• [WHAT TO WORK ON]
Every entry in the data is to be written out exactly; no picture belongs in the copy.

START PROVIDED RECORDS

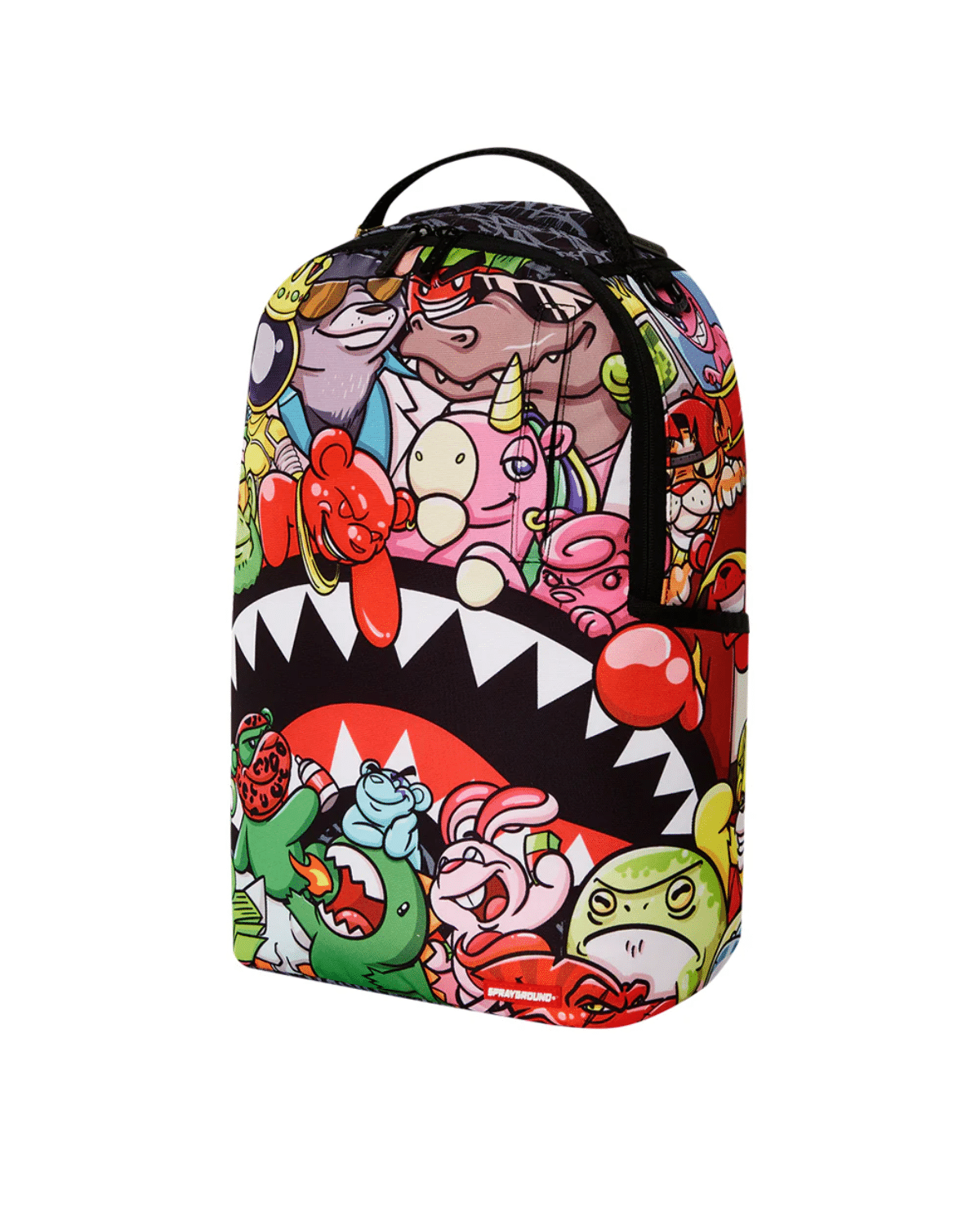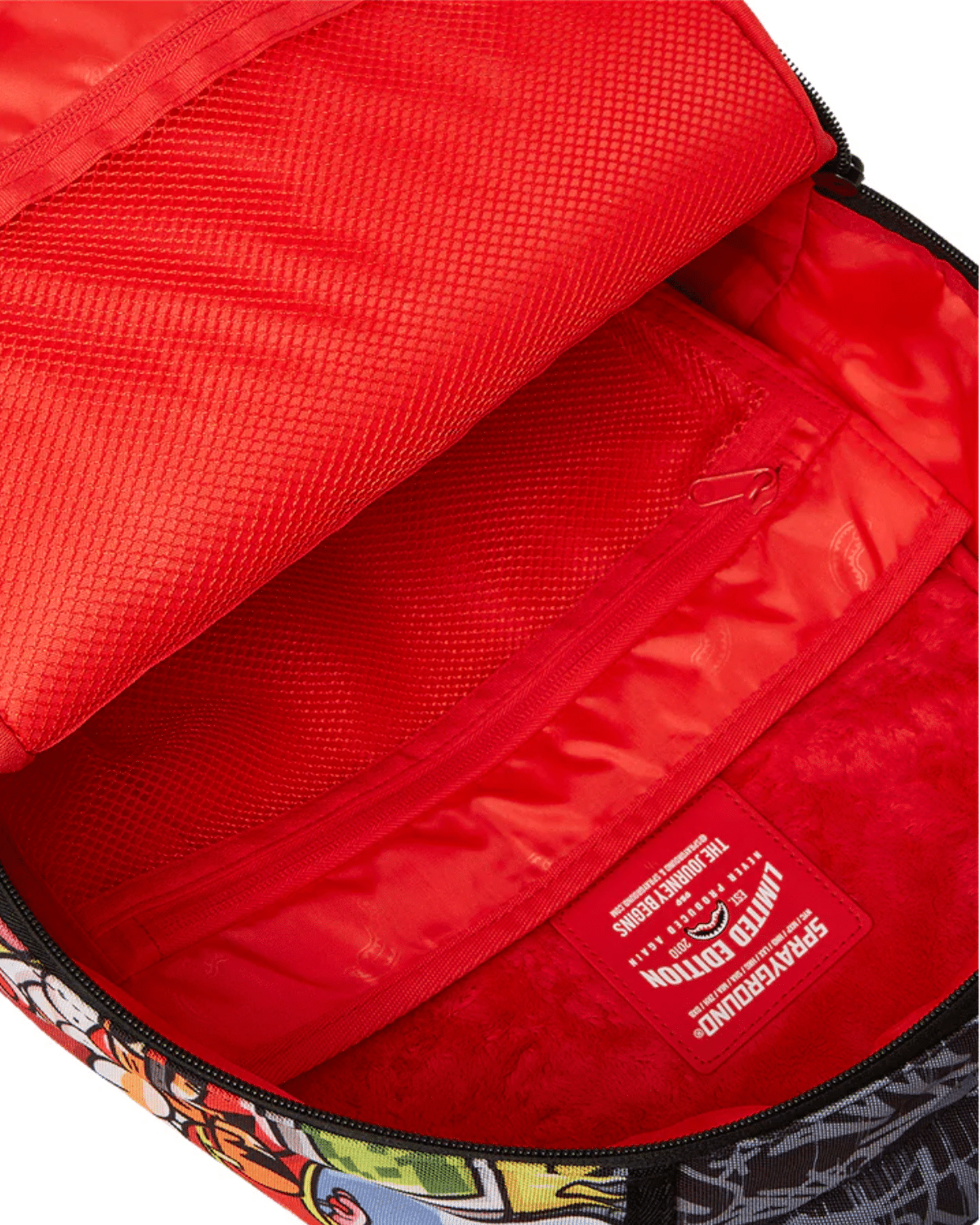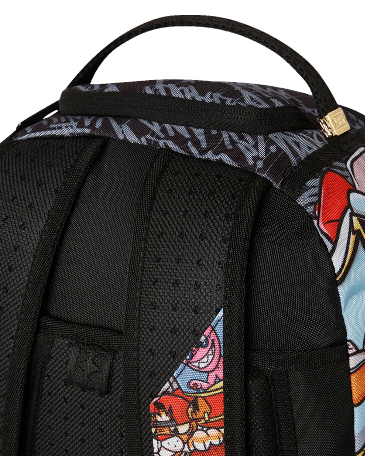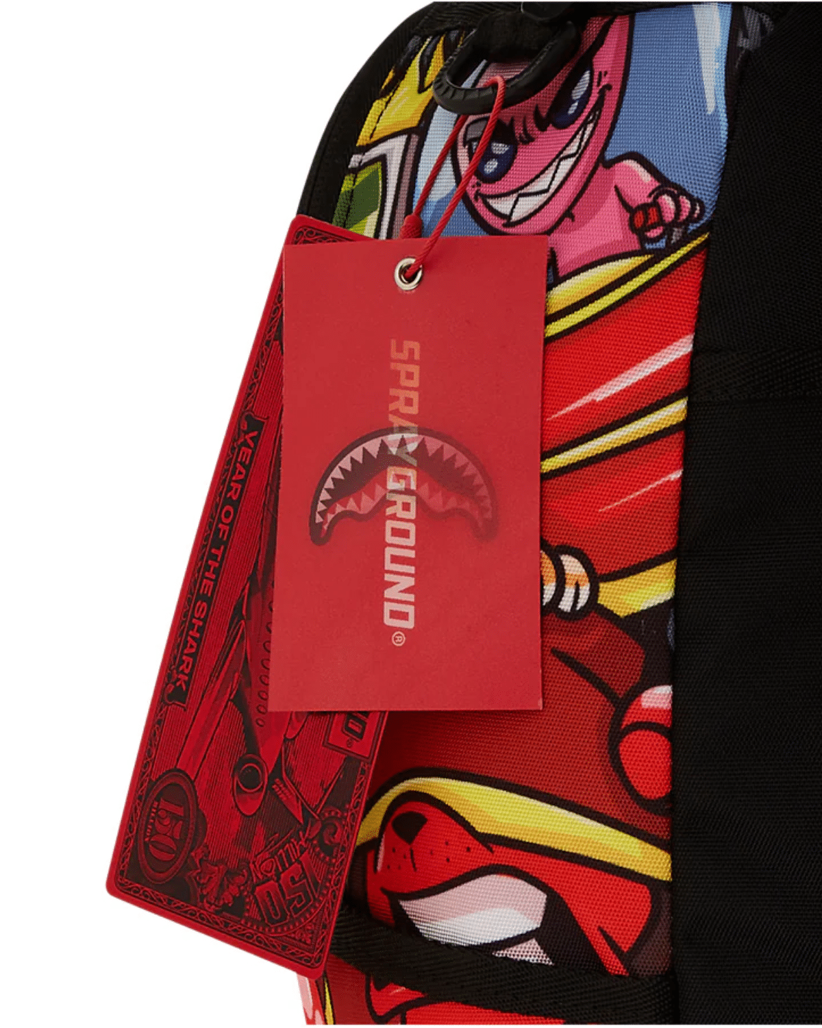 תיק גב יוניסקס של SPRAYGROUND בדגם דינמי וצבעוני המשלב עולמות קרטון ותרבות פופ.
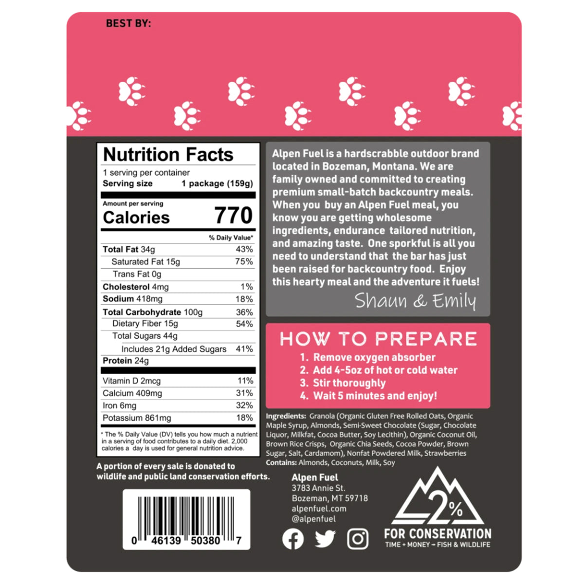 A backcountry must-have for those wanting more out of their breakfast. Made with simple, all-natural ingredients, Chocolate Strawberry tastes great. With 770 calories, only a five minute prep time, and taking only 5 oz of hot or cold water, Alpen Fuel will quickly become your new favorite backcountry meal.
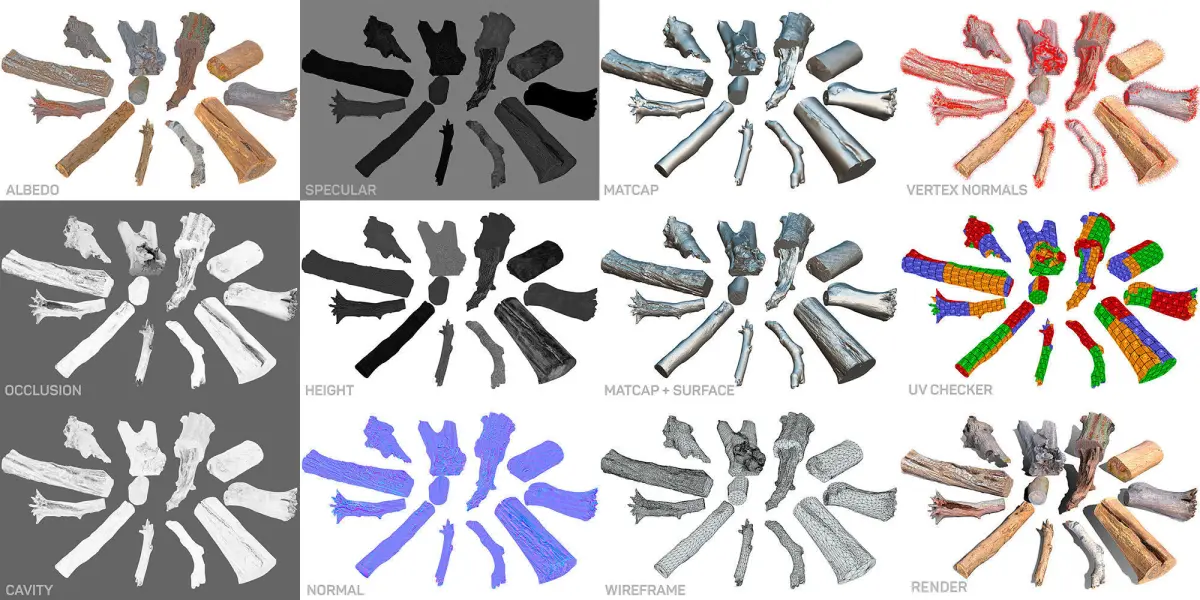 Photorealistic Logs low-poly 3D models.Based on a real-world photoscanned objects.
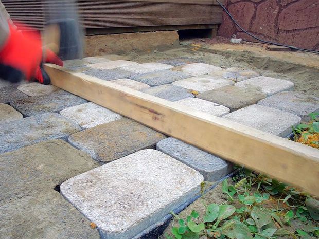 Место установки бордюра требует предварительной подготовки: грунт уплотняют и выравнивают для последующего монтажа. Затем выполняют разметку линии установки бордюра. Уровень профиля бордюра отметьте натянутой проволокой или леской. Верхнюю кромку бордюра установите на 5 мм ниже уровня дорожки.
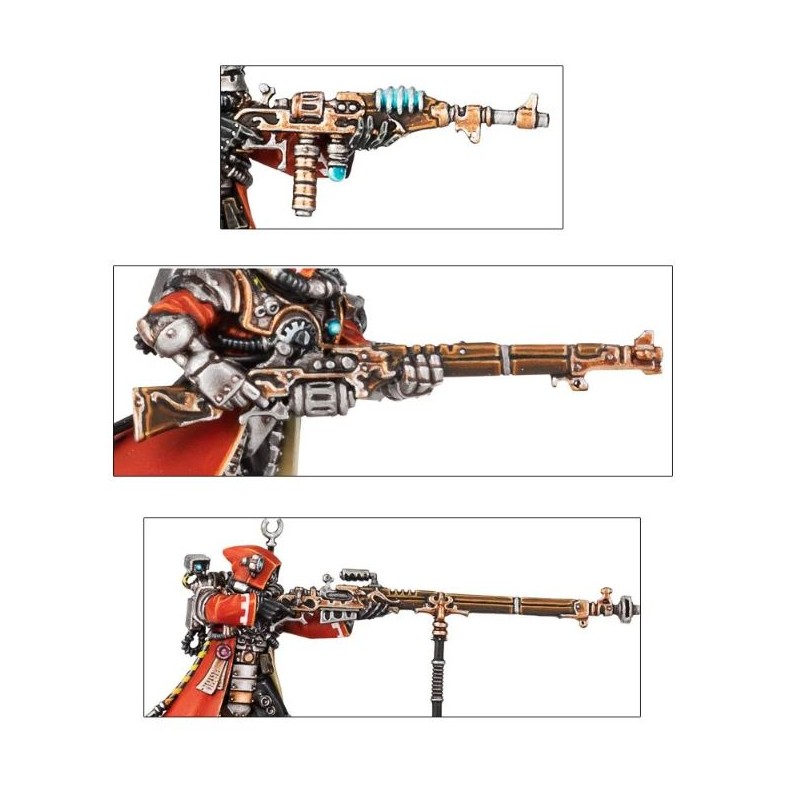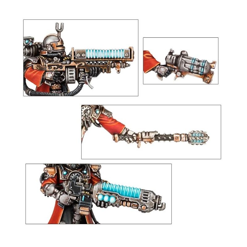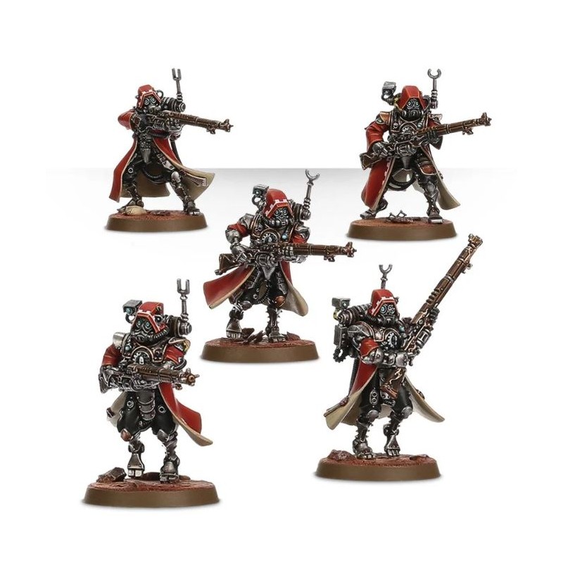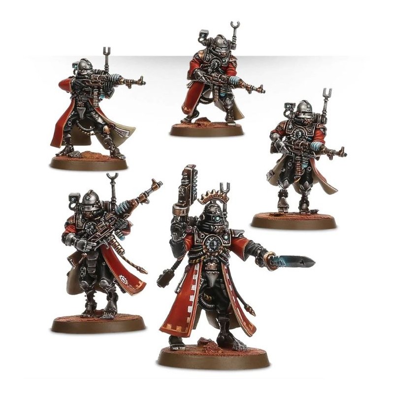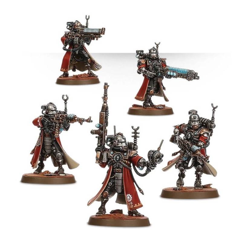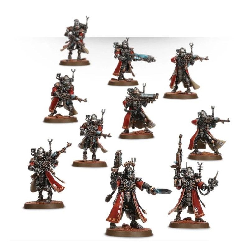 L'unité peut inclure un Alpha, muni d'un pistolet à radium ou d'un électropistolet et d'une arme de corps à corps (épée énergétique, matraque taser ou électromasse) et trois figurines peuvent avoir des armes spéciales. Vous avez accès à une arquebuse transuranique, à un électrofusil et à un tromblon à plasma, ce dernier étant fourni avec une tête et un paquetage spécifique. Une des figurines peut devenir l'Alpha, doté d'un datacâble amélioré ou d'un omnispex; la boîte dépeint véritablement l'obsession de l'Adeptus Mechanicus pour la collecte de données.

END PROVIDED RECORDS

• [OUTPUT FOR THIS EXERCISE]
 תיק גב יוניסקס של SPRAYGROUND בדגם דינמי וצבעוני המשלב עולמות קרטון ותרבות פופ.
 A backcountry must-have for those wanting more out of their breakfast. Made with simple, all-natural ingredients, Chocolate Strawberry tastes great. With 770 calories, only a five minute prep time, and taking only 5 oz of hot or cold water, Alpen Fuel will quickly become your new favorite backcountry meal.
 Photorealistic Logs low-poly 3D models.Based on a real-world photoscanned objects.
 Место установки бордюра требует предварительной подготовки: грунт уплотняют и выравнивают для последующего монтажа. Затем выполняют разметку линии установки бордюра. Уровень профиля бордюра отметьте натянутой проволокой или леской. Верхнюю кромку бордюра установите на 5 мм ниже уровня дорожки.
 L'unité peut inclure un Alpha, muni d'un pistolet à radium ou d'un électropistolet et d'une arme de corps à corps (épée énergétique, matraque taser ou électromasse) et trois figurines peuvent avoir des armes spéciales. Vous avez accès à une arquebuse transuranique, à un électrofusil et à un tromblon à plasma, ce dernier étant fourni avec une tête et un paquetage spécifique. Une des figurines peut devenir l'Alpha, doté d'un datacâble amélioré ou d'un omnispex; la boîte dépeint véritablement l'obsession de l'Adeptus Mechanicus pour la collecte de données.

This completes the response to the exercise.